Mas, mais explicitamente, muitos dos elementos narrativos de Annie, são meras acções que nos dizem sobre o seu quotidiano ou o seu estado existencial, mas pouco sobre o seu destino ou a configuração de um litigar que adensa, ora no episódio de uma fuga, ora na denúncia de uma acção malévola: “estas catálises permanecem funcionais, na medida em que entram em correlação com um núcleo”, e sendo “uma notação, na aparência expletiva, tem sempre uma função discursiva: ela acelera, retarda, avança o discurso, ela resume, antecipa, por vezes mesmo desorienta: faz o notado” como que por acaso “aparecer sempre como o notável” e desse, a catálise desperta sem cessar a tensão semântica do discurso, diz ininterruptamente: houve, vai haver significação” (1966: 10).

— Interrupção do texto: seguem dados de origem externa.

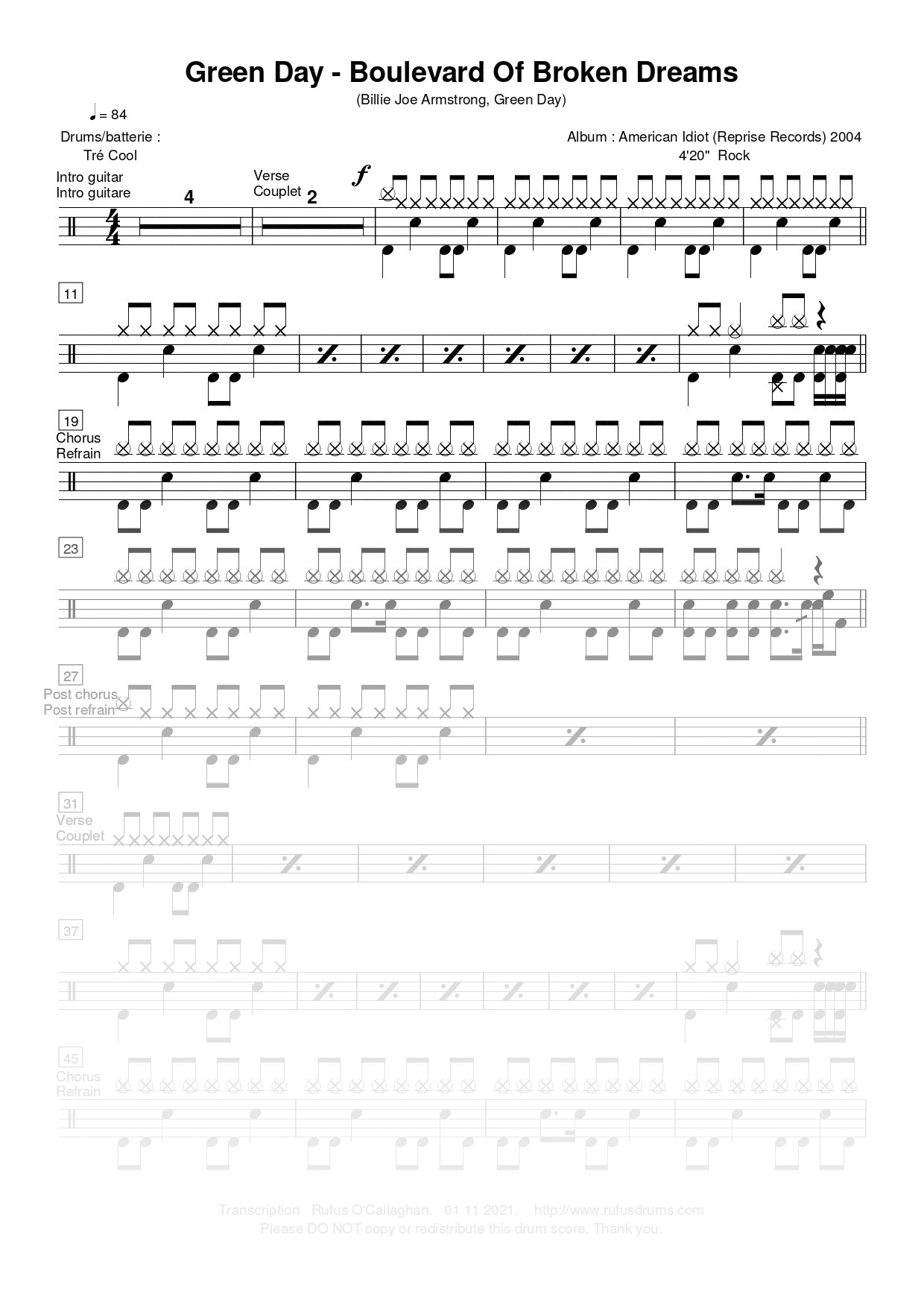 Partition de batterie – Green Day – Boulevard Of Broken Dreams.

Ora, é esta chamada de atenção permanente que, em grande parte alimenta o melodrama, até pela simples recorrência dos seus tipos estereotipados e redundantes, Um opúsculo anónimo do princípio do século XIX apresentava assim a “receita” de um “bom melodrama”: “escolher um título. É preciso, em seguida, adaptar a este título, um assunto qualquer, ou histórico, ou inventado”, processo que vemos realizar-se, por exemplo em Little Orphan Annie, logo no título e no subtítulo desventuras de uma órfã; “depois deve-se fazer aparecer como principais personagens, um idiota, um tirano, uma mulher inocente e perseguida, um cavaleiro e tanto quanto seja possível qualquer tipo de animal amestrado, um cão, um gato, um cavalo, um corvo ou uma pega”, o que acontece com o encontro de Annie com o cão abandonado. Os espaços são importantes pelos seus contrastes, o opúsculo da receita sugeria o contraste entre um “ballet”, e uma “prisão” para em seguida colocar a protagonista face a ameaças de “grilhetas” e os anelos do “discurso sentimental” (Thomasseau, 1984: 19).

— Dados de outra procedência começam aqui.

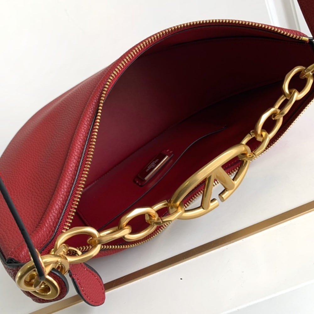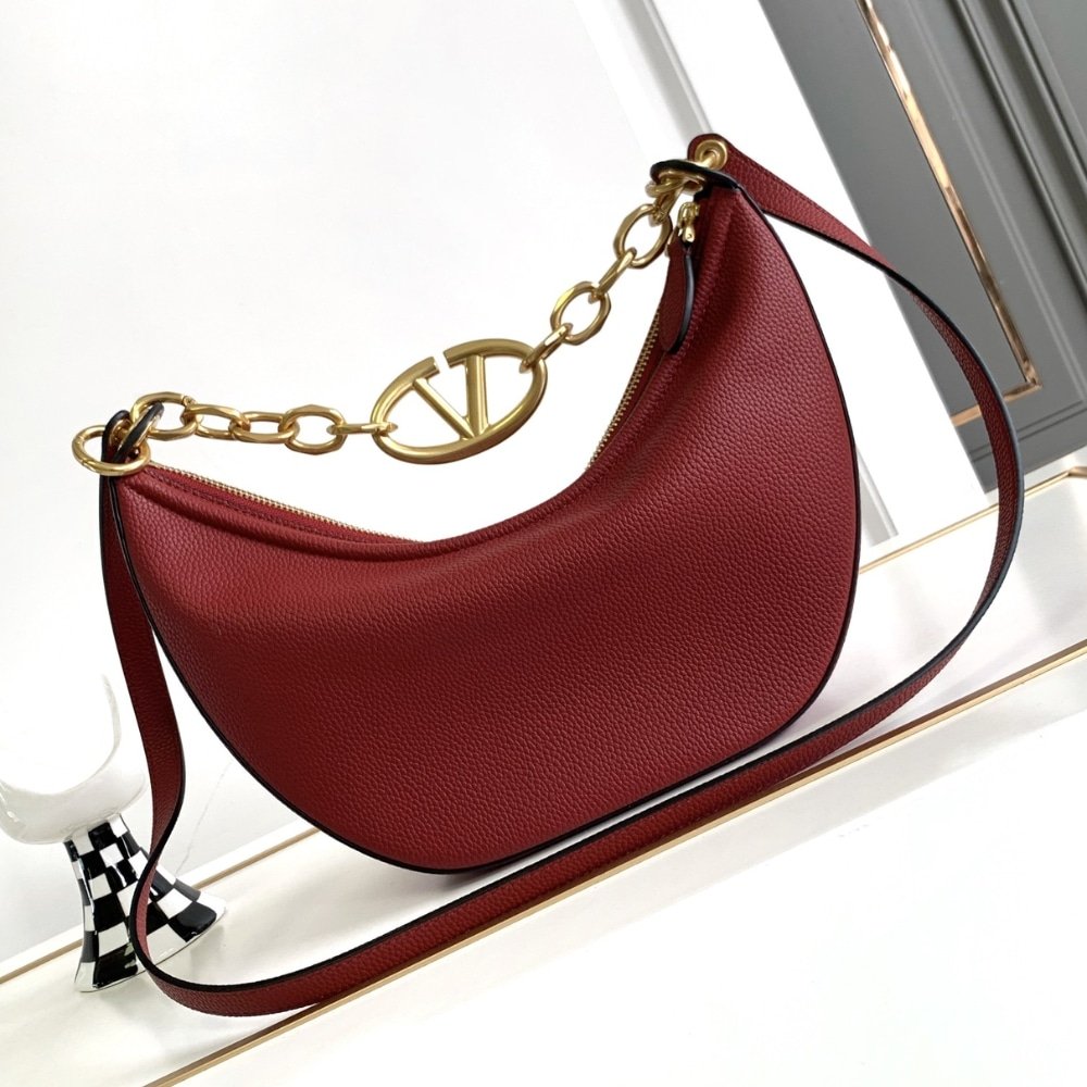 Valentino Garavani Vlogo Moon Medium Grainy Hobo Bag With Chain Dark Red 29Cm 5W2B0N59Jdk Y9Q

Carlos Jorge Figueiredo Jorge é professor emérito da Universidade de Évora


[1] Mesmo um comic mais tardio, (1931) aparentemente desenvolvendo-se prioritariamente como história de acção, inicia-se com o duro detective num contexto melodramático: Dick Tracy tornou-se um polícia para vingar o assassinato de Emil Trueheart, pai da antiga namorada de Tracy, Tess. Tracy foi retratado como um detective à paisana, incorruptível, numa cidade do Midweste, muito parecida com Chicago.

Primeira tira, de 4 de outubro de 1931

Mas não termina aí o cruzamento, nas origens, da intriga melodramática nesta história/ série de acção, que alguns críticos consideram das mais violentas e sanguinárias que a banda desenhada produziu, em todos os tempos. O melodrama marca o aparecimento de Júnior.

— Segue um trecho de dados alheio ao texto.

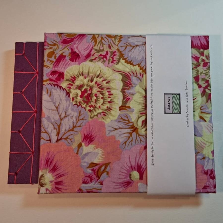 A Japanese style part hard cover sketchbook covered in two different floral designs of bookcloth and containing 22/42 pages of Shore & Marsh 350 gsm watercolour texture/plain paper. Stab bound with waxed thread for strength.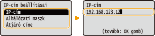 Válassza ki a <IP-cím beállításai> lehetőséget, és nyomja meg az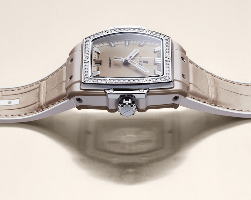 While we all need love, no love is the same. This uniqueness is also something we can find in the new Hublot Spirit of Big Bang Ceramic Beige. This watch looks like true eye candy, with its tonneau-shaped case, which is crafted from a stunning looking beige ceramic. Making ceramic in this color is quite challenging, but Hublot has mastered creating the most vibrant and unique colors in this light and scratch-resistant material since they first introduced it into their collection in 2005. With a diameter of 39mm is the Hublot Spirit of Big Bang Ceramic Beige perfectly proportioned. Inside the case, we find an automatic movement, while a dash of glamour is added by the bezel, set with 50 brilliant-cut diamonds, as symbols of everlasting love.

A sua primeira vinheta aparece a 8 de Setembro de 1932, menos um ano depois do seu “pai adoptivo” ter sido criado, e desenhado pelo mesmo cartunista, Chester Gould, em 1931, para uma tira de quadrinhos do jornal. A tira, que estreou em 4 de outubro de 1931, no The Detroit Sunday Mirror, foi distribuída pelo Chicago Tribune New York News Syndicate. Passando a aparecer em múltiplos jornais pelos Estados Unidos, tem a sua nova incursão no melodrama, através da regeneração do jovem Júnior de quem Tracy se torna pai adoptivo, retirando-o do domínio de Steve Trump um vagabundo malfeitor.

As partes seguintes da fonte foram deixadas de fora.